Ever notice how when the temperature rises, your tempers flare too? Here are some ridiculous heat-induced annoyances that push couples over the edge and how to chill out.
Meltdown 1: The Battle of the AC
It's too hot. It's too cold. Where the heck is just right? When it comes to running your air conditioner, the two of you can never agree on the perfect temperature. You like an ocean breeze while he prefers an arctic chill, or vice versa. The cranky conclusion: One person always winds up shivering and resentful, or the other turns into an overheated mess.
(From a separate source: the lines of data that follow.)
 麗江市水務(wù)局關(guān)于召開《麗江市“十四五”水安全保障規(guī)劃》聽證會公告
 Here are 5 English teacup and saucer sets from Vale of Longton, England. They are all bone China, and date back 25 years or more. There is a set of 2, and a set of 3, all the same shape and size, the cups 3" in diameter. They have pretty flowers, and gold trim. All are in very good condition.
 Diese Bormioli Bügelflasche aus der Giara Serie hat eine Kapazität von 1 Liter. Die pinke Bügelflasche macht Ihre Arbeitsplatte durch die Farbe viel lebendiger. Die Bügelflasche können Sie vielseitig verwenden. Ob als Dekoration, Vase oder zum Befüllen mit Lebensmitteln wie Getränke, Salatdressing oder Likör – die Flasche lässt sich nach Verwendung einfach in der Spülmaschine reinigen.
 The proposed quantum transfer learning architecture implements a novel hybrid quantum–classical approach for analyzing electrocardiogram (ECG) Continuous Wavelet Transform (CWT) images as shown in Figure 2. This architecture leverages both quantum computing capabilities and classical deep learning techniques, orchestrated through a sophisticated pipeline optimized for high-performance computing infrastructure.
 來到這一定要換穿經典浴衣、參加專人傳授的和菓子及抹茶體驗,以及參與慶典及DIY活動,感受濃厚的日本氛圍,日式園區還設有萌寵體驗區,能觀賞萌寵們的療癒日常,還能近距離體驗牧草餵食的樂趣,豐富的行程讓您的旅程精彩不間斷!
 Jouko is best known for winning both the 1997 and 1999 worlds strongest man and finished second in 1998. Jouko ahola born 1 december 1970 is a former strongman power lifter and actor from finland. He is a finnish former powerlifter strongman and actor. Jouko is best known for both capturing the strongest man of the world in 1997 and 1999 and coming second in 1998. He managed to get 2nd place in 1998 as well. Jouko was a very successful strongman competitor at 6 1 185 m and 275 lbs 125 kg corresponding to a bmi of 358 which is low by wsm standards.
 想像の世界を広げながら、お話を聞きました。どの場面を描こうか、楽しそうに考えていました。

Chill out tactic: Meeting in the middle of your two desired temps is a no-brainer, but there's a little more to it. If you're always getting iced out by the AC, switch sides of the bed so you're farthest from the direct air. Also, keep your AC off when you're out of the house. It'll lower your energy bill and give your body time to adjust in the time it takes to cool the house down again.
Meltdown 2: Marathon Car Trip Trauma
You know those road trips that always start out so fun? You're stocked up on snacks and have the tunes blasting and the open road ahead of you. But factor in scorching seatbelts, stick-to-your-thighs seats, and hot sun baking you through the windshield like oven-roasted chicken and suddenly the highway becomes hell. It doesn't help that the two of you have already discussed your dream home, named your future children, and listened to that Black Eyed Peas CD three timesyou've officially run out of things to say. The only conversation topic: whose fault it is that you're freakin' lost.
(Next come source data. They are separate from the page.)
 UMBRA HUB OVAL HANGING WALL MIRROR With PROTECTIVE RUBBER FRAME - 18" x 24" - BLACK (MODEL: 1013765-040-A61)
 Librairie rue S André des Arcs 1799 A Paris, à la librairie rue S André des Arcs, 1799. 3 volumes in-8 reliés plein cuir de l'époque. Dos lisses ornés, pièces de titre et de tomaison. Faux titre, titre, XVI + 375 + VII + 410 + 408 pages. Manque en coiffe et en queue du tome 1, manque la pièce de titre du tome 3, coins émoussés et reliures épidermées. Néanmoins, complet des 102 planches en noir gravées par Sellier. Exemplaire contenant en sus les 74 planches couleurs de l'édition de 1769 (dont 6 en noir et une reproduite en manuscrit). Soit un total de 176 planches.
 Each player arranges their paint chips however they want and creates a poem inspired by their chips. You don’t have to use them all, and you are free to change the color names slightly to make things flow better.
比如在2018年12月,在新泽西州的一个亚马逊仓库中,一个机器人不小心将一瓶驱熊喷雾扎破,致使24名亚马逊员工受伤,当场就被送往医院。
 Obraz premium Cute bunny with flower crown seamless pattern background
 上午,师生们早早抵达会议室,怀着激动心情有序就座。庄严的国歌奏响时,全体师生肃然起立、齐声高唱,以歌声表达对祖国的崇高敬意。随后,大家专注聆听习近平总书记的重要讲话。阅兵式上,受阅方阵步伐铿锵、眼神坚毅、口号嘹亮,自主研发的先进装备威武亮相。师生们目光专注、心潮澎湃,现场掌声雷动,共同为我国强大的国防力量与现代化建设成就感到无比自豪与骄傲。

Chill out tactic: Build in stops every hour so you can clear your heads and cool off. When you hop back in the car, take turns driving (and navi-guessing) so neither of you can play the "we're lost, you idiot" blame game.
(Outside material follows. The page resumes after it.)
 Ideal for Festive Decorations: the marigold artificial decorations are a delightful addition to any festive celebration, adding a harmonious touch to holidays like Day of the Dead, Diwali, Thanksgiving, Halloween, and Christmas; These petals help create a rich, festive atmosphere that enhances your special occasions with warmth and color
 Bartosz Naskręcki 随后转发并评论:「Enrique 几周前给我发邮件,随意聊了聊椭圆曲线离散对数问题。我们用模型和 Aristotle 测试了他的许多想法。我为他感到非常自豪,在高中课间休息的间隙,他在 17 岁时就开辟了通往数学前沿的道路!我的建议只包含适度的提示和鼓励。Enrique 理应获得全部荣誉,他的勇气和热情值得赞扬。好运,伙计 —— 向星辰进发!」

Meltdown 3: Who-Drank-the-Last-Water Fights
It's the middle of the night, in the middle of a heat wave. You stumble to the kitchen, parched, and open the fridge. You shake the carton of OJ. Silence. You hit the lever on your Brita filterbone dry. So you reach for a soda oh wait, there is no soda because your spouse guzzled it all at dinner. As you turn to the sink to fill up a lukewarm glass of water, you can't help but feel frustrated. Is it too much for your significant other to just throw out the dang OJ so it doesn't taunt you, or refill the water filter when they're done so you can have a frosty 2 a.m. glass?
Chill out tactic: You can play drink police, but c'mon, how long is that gonna last? Keep a pitcher of water filled with ice cubes on your nightstand. When you wake up in the middle of the night, you'll have something to instantly cool you down.